**DATASET ENTRIES**
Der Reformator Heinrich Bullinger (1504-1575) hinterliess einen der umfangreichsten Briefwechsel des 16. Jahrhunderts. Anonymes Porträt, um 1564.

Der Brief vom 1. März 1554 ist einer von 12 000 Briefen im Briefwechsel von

---

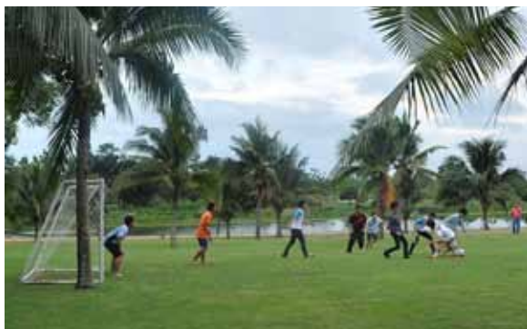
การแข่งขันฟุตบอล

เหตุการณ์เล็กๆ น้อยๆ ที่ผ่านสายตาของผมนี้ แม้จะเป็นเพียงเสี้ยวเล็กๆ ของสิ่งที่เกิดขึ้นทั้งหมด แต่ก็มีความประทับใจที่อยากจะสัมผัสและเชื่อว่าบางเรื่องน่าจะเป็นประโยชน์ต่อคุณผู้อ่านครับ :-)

**AIM OF THE TASK**
For the listing above, print only the lines starting at the line containing "Der Reformator Heinrich" and ending at the line containing "Der Brief vom", exactly, both included.

**OUTPUT OF THE TASK**
Der Reformator Heinrich Bullinger (1504-1575) hinterliess einen der umfangreichsten Briefwechsel des 16. Jahrhunderts. Anonymes Porträt, um 1564.

Der Brief vom 1. März 1554 ist einer von 12 000 Briefen im Briefwechsel von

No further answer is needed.